Treatment and management
Currently there is no cure for MSA, nor any treatments to delay the degeneration of nerve cells. However, medications and treatments can help to manage some of the symptoms. As the illness progresses, increasing help will be needed with everyday activities. Because MSA is a complex illness, a combination of approaches will probably be suggested.
A specialist doctor or neurologist may prescribe medicines, often including Parkinson’s medicines, to treat movement symptoms, regulate blood pressure and improve bladder control. She or he will tailor your medication to suit your symptoms and adjust the dose as necessary.

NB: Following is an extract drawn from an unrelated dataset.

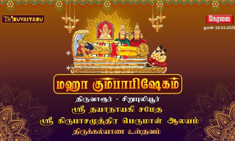 🔴 நேரலை – 108 திவ்ய தேசங்களில் பதினொன்றாவது தலம் | திருவாரூர் | சிறுபுலியூர் | ஸ்ரீ தயாநாயகி சமேத | ஸ்ரீ கிருபாசமுத்திர பெருமாள் ஆலய | மஹா கும்பாபிஷேகம் | திருக்கல்யாணம் | திருவையாறு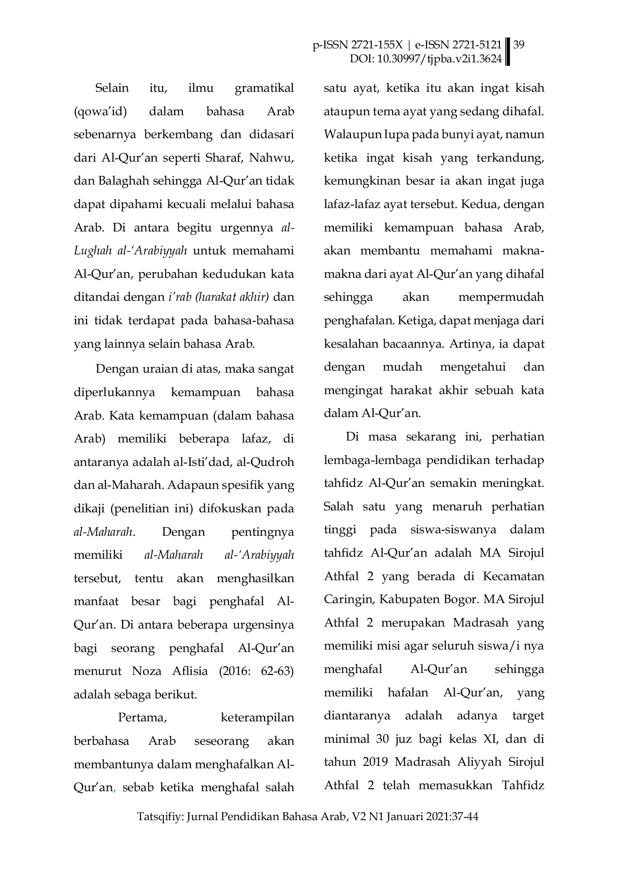Tatsqifiy: Jurnal Pendidikan Bahasa ArabTatsqifiy: Jurnal Pendidikan Bahasa ArabAbstrak: Al-Quran diturunkan dengan bahasa Arab, dengan bahasa inilah kita dapat membaca Al-Quran dan mempelajarinya. Berbicara mengenai bahasa Arab, terlepas dari empat keterampilan: keterampilan membaca, keterampilan menulis, keterampilan menyimak, dan keterampilan berbicara. Pada masa sekarang di Indonesia, bahasa Arab bukan hanya dianggap sebagai bahasa asing, tetapi sudah menjadi salah satu pelajaran yang pokok di lembaga-lembaga sekolah. Adapun tujuan penelitian ini bermaksud mengetahui hubungan kemampuan bahasa Arab dengan prestasi menghafal Al-Quran. Kemampuan dalam bahasa Arab memiliki beberapa kata yang memiliki kemiripan makna, di antaranya kata al-Istidad, al-Qudroh dan al-Maharah. Adapun kemampuan yang dimaksud dalam penelitian ini adalah lebih spesifik pada al-Maharah dengan objek atau populasi yang diteliti bertempat di Madrasah Aliyyah Sirojul Athfal 2 pada seluruh kelas sebelas. Objek penelitian ini meliputi semua siswa kelas sebelas yang berjumlah 44 siswa sebagai fokus pemusatannya, sedangkan data diperoleh melalui metode wawancara dan metode dokumentasi yang berupa jenis penelitiannya menggunakan analisis korelasi antara variabel X & variabel Y untuk diketahuinya hubungan diantara keduanya. Dan Hasil penelitian berdasarkan analisis data menghasilkan nilai hubungan sebesar 0,728 yang menunjukkan hubungan dalam interval yang kuat, maka hipotesis dapat diterima.

In many countries, an occupational therapist or physiotherapist will be able to advise on specialist equipment and strategies to overcome everyday difficulties, for example turning in bed, personal hygiene or eating. Your doctor will be able to refer you to the right healthcare professional, so it is important to tell him or her about symptoms and any difficulties you experience.
So far there is no actual evidence that complementary therapies can alleviate the symptoms of MSA, but some people find them helpful, for example in relaxing stiffness and rigidity in muscles and relieving stress.
Who can help?
Healthcare professionals who may be able to help include physiotherapists, speech and language therapists, occupational therapists, specialist nurses, continence advisors, dieticians and social workers. Each specialist will be able to advise on specific difficulties and will work with you to find solutions and strategies to make life easier.
In some countries there are MSA organisations that provide help, advice and support for both people with MSA and their carers. Your doctor or specialist nurse may be able to provide you with contacts, or you can ask at your local library or search using the Internet.